Thus, the birth of Sick of Signs, a nationwide clean-up campaign launched by the Tow, Texas-based American Association of Code Enforcement (AACE). It encourages cities to dedicate a day or a week in September to ridding their communities of street spam. Yard signs on private property are acceptable and exempt.
“The main thing is letting people know we are concerned about the blight these signs cause,” Donna Wisniewski, an AACE board member and past president says. “We’re trying to do something on a regular basis to prohibit that.”
Wisniewski is a code enforcement officer with the Seminole County Sheriff’s Department in Florida. On Sept. 26, she will be out on a sign-collecting sweep with a citizens patrol group and other code enforcers from the county and its seven cities.
“We’ll make a great big huge pile, then head to the landfill,” she says, adding that the county waives tipping fees for dumped signs that day. “Unfortunately, it’s just not cost-effective to recycle them.”
Seminole County, north of Orlando, has been so diligent about sign removal that drivers often comment that they can tell when they are entering abutting Orange County because the sign cacophony picks back up.
“Still, as fast as we tear them down, somebody is putting them right back up,” Wisniewski says, adding that enforcers are vigilant about warning repeat sign placers. “(We) can charge them with littering if they’re caught putting signs out again.”
Local businesses aren’t usually the problem, she notes. The toughest challenges are signs with numbers directing callers to a throwaway cell phone or a call center. Unless caught in the act, the culprits are nearly impossible to track down.
“All of these signs keep getting higher and higher on poles and they’re also a hazard because there might be six or eight at one intersection,” she says. “If drivers are trying to read all of these little signs they’re not paying attention to what’s in front of them on the road or somebody stepping off the curb.”
To corral the maze of signs that sprout during any election season, Seminole County requires all candidates to register for a permit and pay a $100 deposit. The money is refunded if all of their campaign signs are removed two weeks after the election.
“By registering, candidates know where they can and cannot place signs,” she says. “It’s our way of trying to keep the litter end of it from being too terrible.”
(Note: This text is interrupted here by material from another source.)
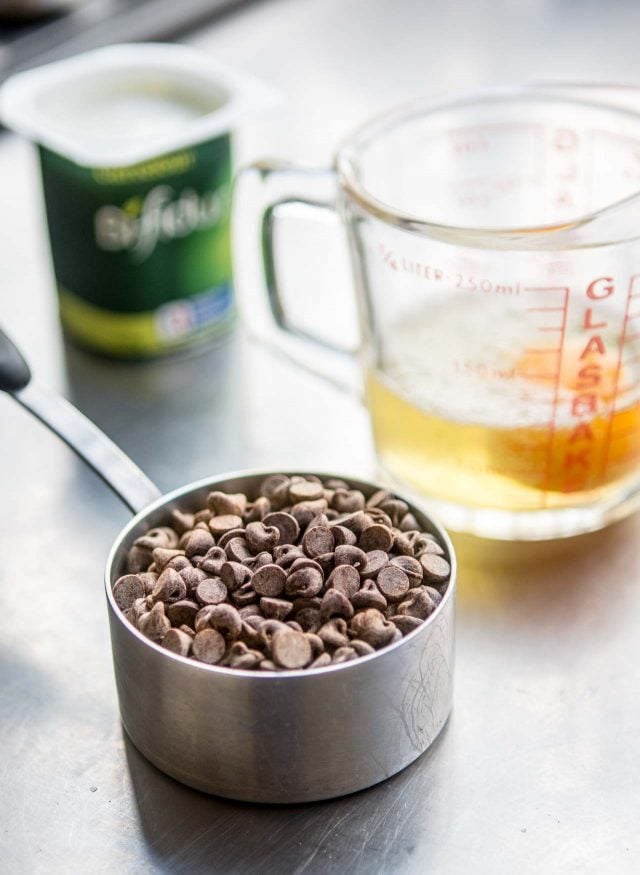- 1/2-3/4 cup (80-120g) chocolate chips
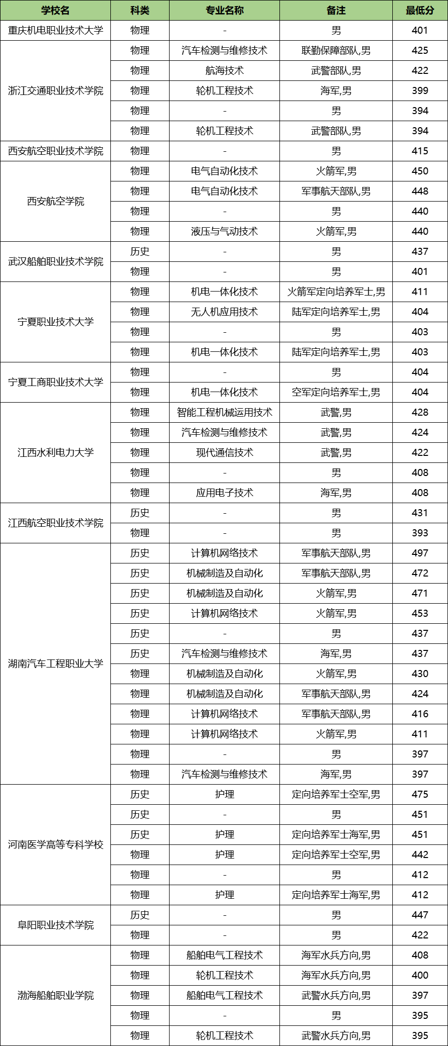 由于河南省教育考试院目前暂未公布2026年定向士官的录取分数线,我们可以参考2025年已公布的学校数据。以2025年为例,根据部分学校已公布的录取数据来看,定向士官院校在河南的录取分数线在393-497分之间,录取分数线最高的是湖南汽车工程职业大学的计算机网络技术专业,要求为历史类男生;录取分数线最低的是江西航空职业技术学院的男生。

Communities coast-to-coast have collected millions of signs since Sick of Signs debuted nationally in 2008. AACE rolled out its beta model in 2006 as a kickoff after the federal government declared October as National Code Compliance Month. Tests in Seminole County and Texas were so successful that leaders of the trade association thought it merited expansion.
“Unfortunately, we don’t get as much involvement as we like,” Wisniewski says.
She singles out Takoma Park, Md.—a Washington, D.C. suburb known for its green ethic and artistic vibe—as a stalwart on the Sick of Signs front.
Lucy Neher spearheaded this year’s weeklong effort by, ironically perhaps, hanging posters around the city that encouraged residents to “Tear Down This Sign” between Sept. 13 and 19.
“It’s all about awareness,” says Neher, part of the city’s Housing & Community Development Department. “We do a lot of public education because we don’t want to put up with those obnoxious signs.”
This year’s community cleansing culminated with a lighthearted awards ceremony that included the “It’s a Doozy” certificate for the most surprising sign, the “Eighty-Six It” certificate for the oldest, most obsolete sign and the “Practice Makes Perfect” certificate for the most abundant sign. Grand prizes were the Golden, Silver and Bronze crowbars.
Years ago, Takoma Park was fielding so many complaints about illegal signs that officials had to act.
“We’ve become experts in this,” Marjorie Ciccone, code enforcement supervisor, says about de-signing the city. “I think it looks much better.”
While making his code inspection rounds, co-worker Timothy Gratton is always prepared. His sign-removal toolkit includes a pair of sturdy gloves, a metal pry bar and a small ladder to extend the reach of his 6-foot frame. Then he carts his collection to a city trash bin in a reusable cloth bag.
One lurking danger is being pricked by stubborn staples, screws or roofing nails that affix signs to utility poles so securely.
“Anybody who does this,” Ciccone says, “we make sure they have a tetanus shot.”